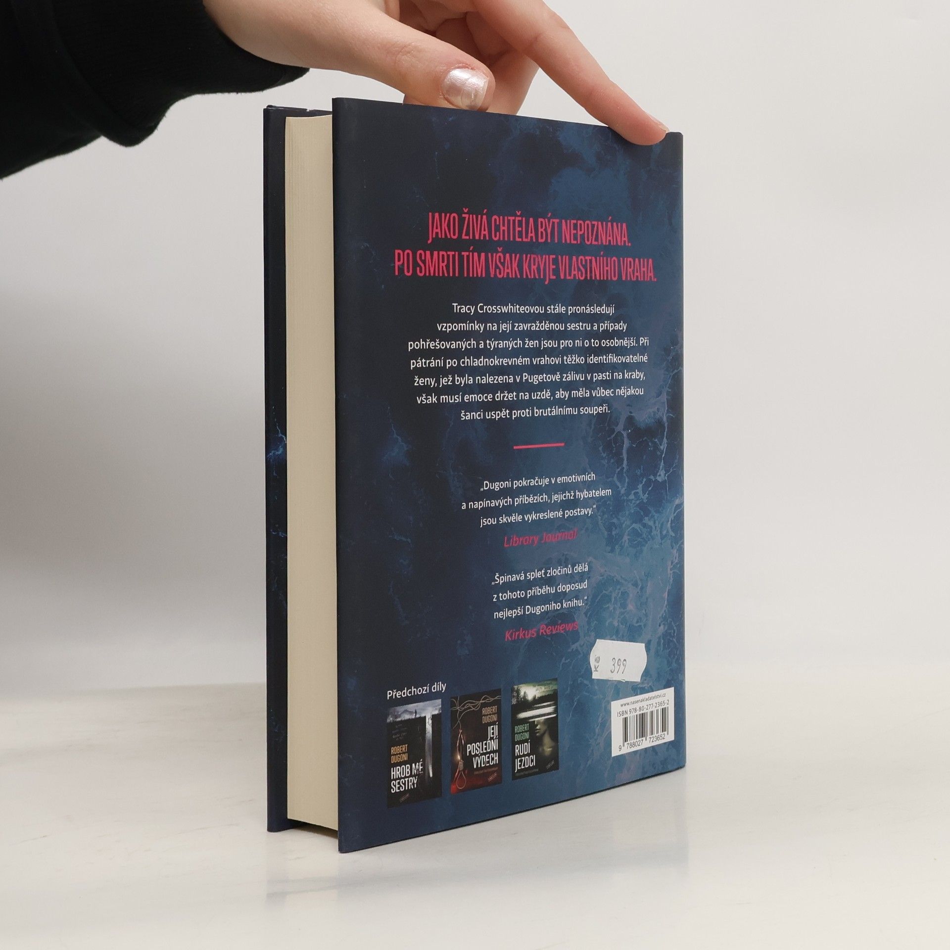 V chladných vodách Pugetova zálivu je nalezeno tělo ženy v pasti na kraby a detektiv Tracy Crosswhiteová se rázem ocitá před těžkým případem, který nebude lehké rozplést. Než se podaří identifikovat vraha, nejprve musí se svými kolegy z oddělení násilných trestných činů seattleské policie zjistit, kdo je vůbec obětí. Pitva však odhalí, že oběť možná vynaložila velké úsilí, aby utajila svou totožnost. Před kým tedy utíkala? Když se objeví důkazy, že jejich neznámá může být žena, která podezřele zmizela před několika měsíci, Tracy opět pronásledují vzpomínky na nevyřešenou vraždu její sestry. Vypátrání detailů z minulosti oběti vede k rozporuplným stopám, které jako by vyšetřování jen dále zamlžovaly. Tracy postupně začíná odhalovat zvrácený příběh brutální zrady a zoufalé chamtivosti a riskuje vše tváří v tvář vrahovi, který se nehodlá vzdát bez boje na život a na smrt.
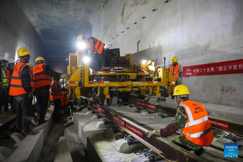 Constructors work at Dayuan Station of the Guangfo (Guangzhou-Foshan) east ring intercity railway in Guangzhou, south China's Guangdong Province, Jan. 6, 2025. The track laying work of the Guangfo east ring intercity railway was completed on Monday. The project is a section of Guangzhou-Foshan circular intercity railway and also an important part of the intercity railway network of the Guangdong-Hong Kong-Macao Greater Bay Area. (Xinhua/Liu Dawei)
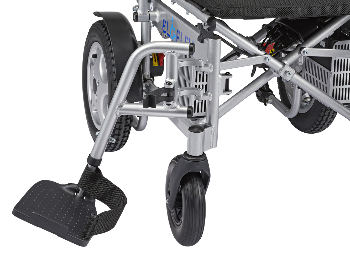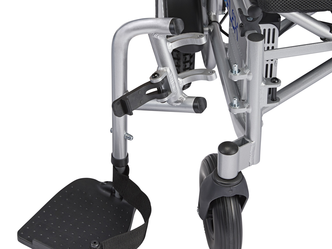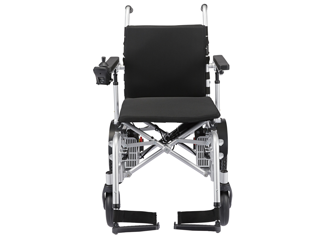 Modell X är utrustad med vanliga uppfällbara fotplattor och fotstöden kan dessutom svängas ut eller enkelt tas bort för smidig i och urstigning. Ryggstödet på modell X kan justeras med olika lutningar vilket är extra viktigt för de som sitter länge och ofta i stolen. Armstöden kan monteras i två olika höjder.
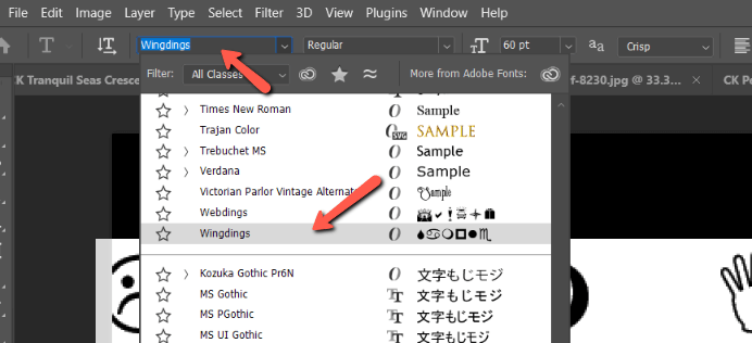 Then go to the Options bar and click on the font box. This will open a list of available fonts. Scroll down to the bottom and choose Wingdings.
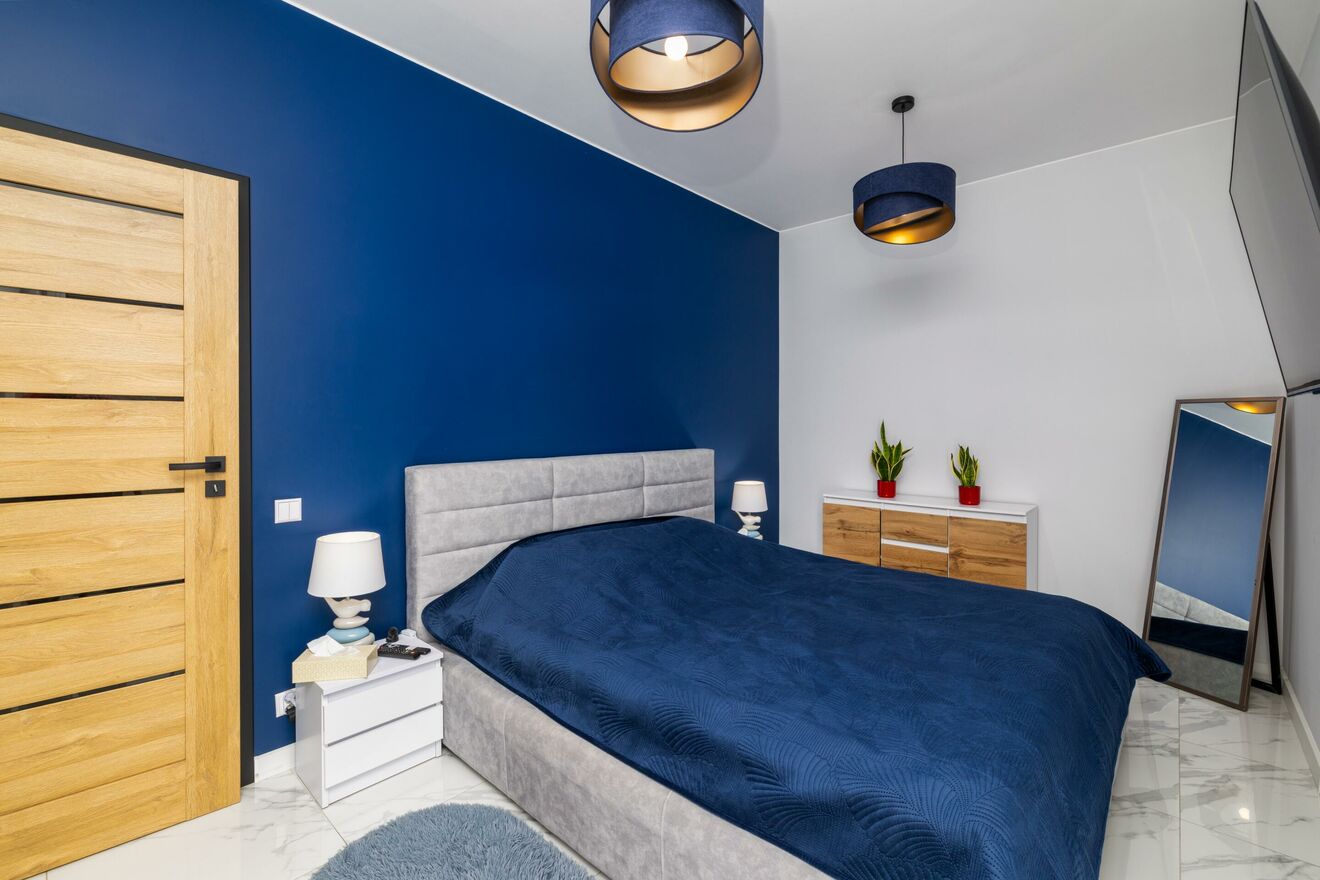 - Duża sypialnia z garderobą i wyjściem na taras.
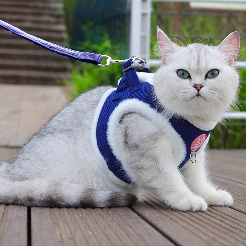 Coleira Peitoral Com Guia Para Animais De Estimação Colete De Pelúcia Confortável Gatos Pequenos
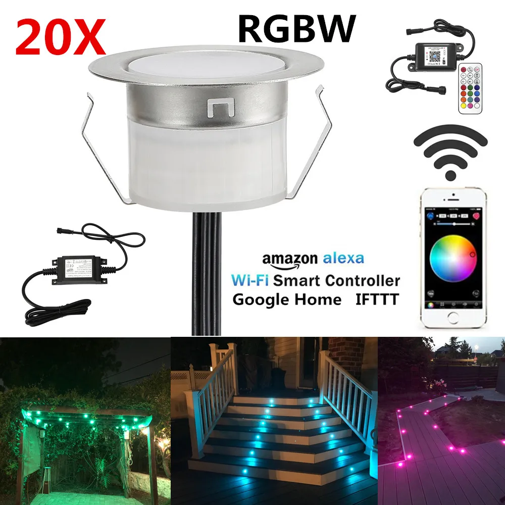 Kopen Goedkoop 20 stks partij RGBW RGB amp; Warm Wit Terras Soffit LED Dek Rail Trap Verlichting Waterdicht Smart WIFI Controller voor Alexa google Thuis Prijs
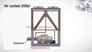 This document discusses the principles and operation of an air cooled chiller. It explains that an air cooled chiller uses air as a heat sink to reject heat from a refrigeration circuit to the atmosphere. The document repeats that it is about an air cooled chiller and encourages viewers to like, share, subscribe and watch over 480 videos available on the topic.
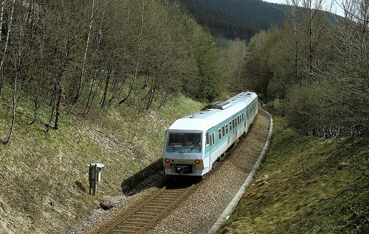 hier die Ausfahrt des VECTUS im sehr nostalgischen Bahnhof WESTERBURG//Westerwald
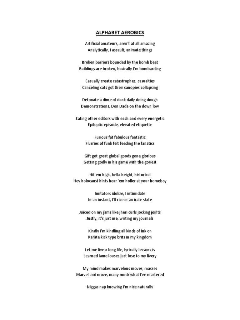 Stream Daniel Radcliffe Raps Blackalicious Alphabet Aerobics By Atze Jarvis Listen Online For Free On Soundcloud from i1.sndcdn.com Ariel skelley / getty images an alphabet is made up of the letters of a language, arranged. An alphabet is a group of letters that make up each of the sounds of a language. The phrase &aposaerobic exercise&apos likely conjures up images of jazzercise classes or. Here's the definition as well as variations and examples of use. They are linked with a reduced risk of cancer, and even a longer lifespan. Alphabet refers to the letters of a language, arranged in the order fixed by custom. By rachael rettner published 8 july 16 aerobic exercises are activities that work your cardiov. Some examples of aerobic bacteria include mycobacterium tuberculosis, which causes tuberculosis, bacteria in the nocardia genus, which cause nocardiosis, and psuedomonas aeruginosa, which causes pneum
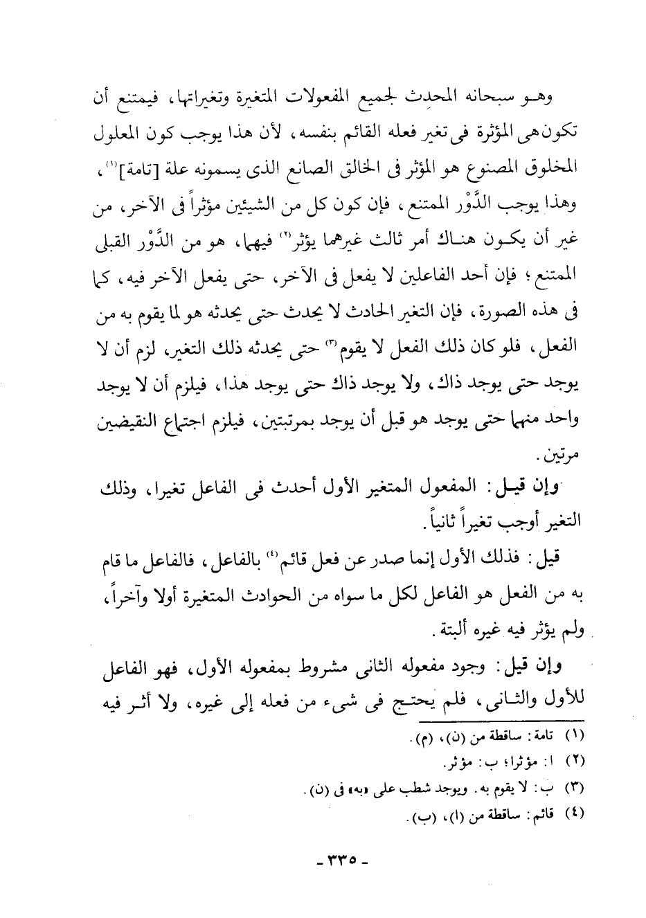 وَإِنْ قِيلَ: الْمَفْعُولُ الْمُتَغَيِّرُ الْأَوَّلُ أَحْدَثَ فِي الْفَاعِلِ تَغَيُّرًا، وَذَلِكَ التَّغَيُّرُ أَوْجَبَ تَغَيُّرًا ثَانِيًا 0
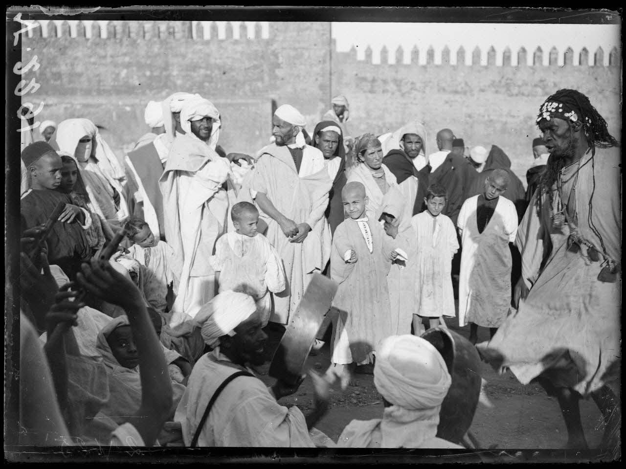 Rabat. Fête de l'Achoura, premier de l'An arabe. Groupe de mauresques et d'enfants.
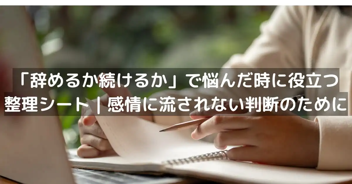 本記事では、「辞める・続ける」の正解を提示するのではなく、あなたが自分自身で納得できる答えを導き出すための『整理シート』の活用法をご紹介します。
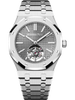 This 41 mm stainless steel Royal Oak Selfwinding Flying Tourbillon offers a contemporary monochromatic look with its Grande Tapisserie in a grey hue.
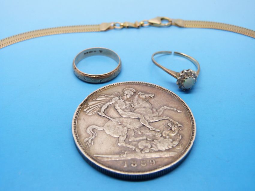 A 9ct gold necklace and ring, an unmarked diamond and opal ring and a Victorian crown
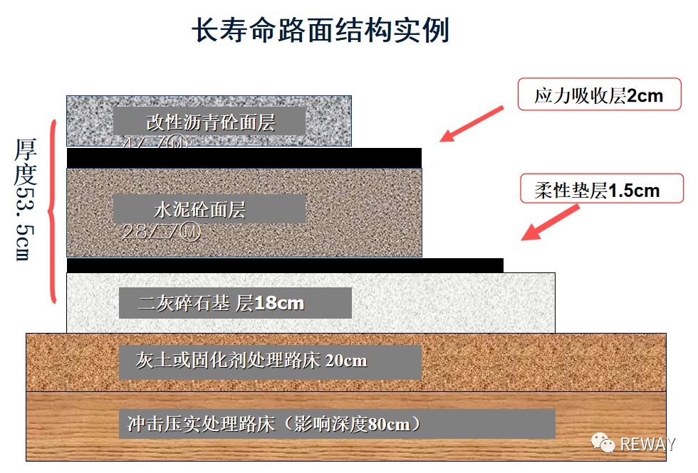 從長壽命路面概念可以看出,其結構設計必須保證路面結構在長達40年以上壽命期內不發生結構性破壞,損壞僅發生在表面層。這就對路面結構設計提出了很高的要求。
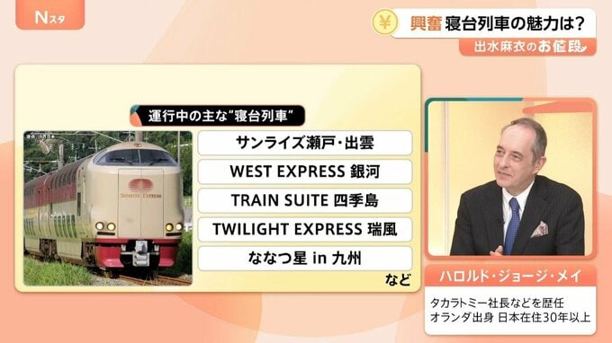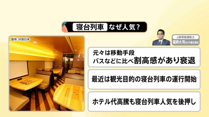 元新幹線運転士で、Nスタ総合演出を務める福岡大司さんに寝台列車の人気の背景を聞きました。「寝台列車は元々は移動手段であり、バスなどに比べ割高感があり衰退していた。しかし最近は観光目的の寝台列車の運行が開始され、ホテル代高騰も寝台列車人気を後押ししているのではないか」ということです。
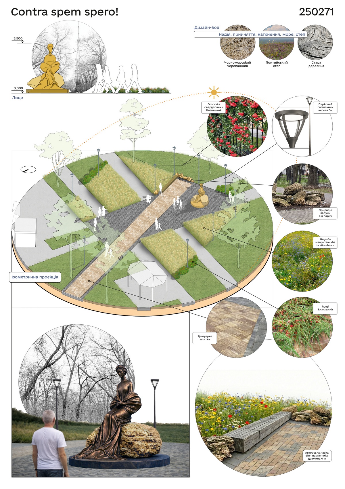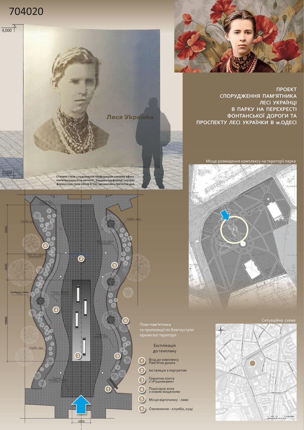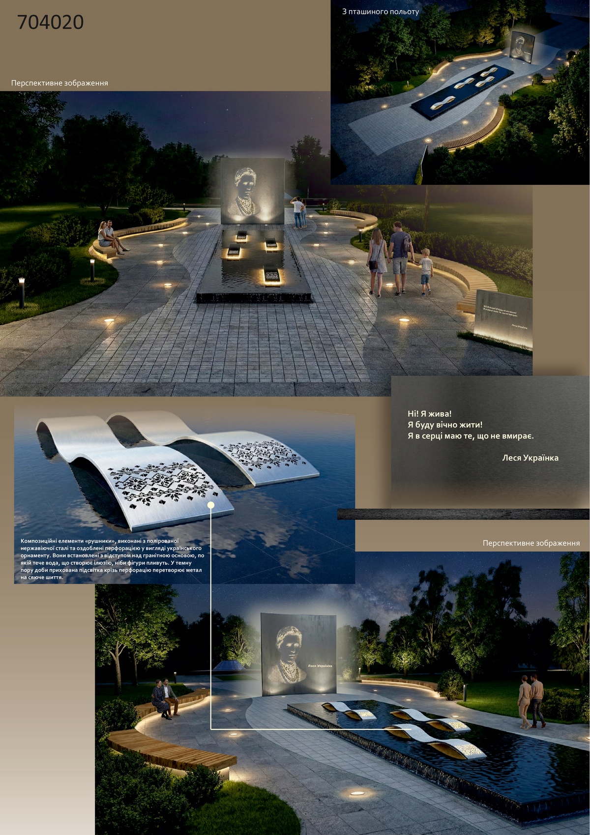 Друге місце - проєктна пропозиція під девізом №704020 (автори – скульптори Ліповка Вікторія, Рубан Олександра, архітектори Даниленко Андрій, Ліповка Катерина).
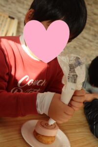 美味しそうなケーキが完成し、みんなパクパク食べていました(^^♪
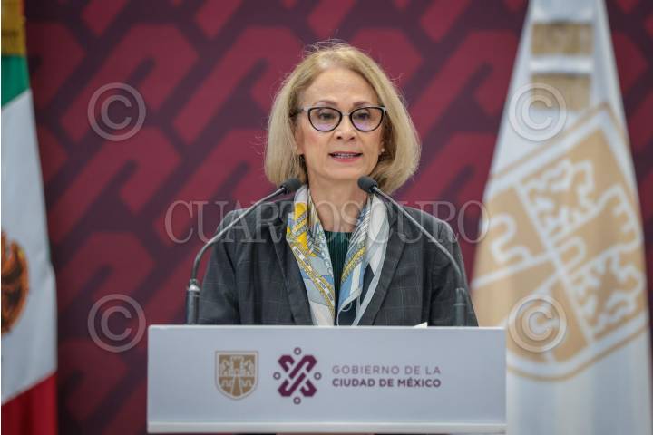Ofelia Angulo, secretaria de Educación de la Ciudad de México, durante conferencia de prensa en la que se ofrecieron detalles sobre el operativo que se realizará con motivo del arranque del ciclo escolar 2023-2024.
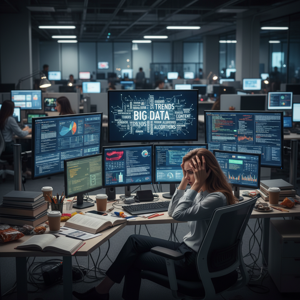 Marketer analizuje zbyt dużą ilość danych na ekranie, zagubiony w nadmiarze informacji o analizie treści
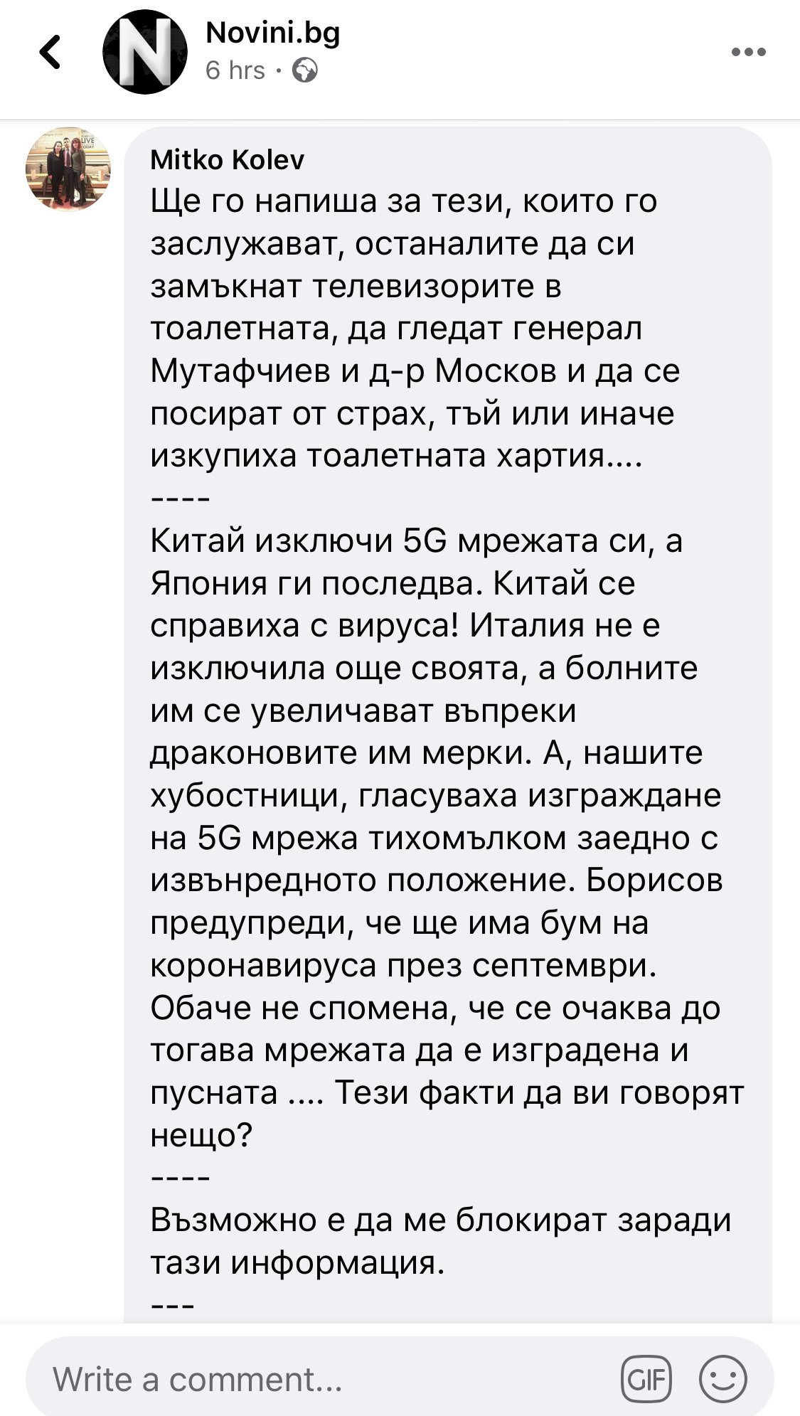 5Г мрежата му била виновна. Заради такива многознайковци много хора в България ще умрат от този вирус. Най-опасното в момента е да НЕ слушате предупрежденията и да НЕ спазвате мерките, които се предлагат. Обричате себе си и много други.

What to do:
Starting at the line that contains "Ofelia Angulo, secretaria", please write out each line through the last line of the data, both ends included, and keep pictures out of the copy.

Output below:
Ofelia Angulo, secretaria de Educación de la Ciudad de México, durante conferencia de prensa en la que se ofrecieron detalles sobre el operativo que se realizará con motivo del arranque del ciclo escolar 2023-2024.
 Marketer analizuje zbyt dużą ilość danych na ekranie, zagubiony w nadmiarze informacji o analizie treści
 5Г мрежата му била виновна. Заради такива многознайковци много хора в България ще умрат от този вирус. Най-опасното в момента е да НЕ слушате предупрежденията и да НЕ спазвате мерките, които се предлагат. Обричате себе си и много други.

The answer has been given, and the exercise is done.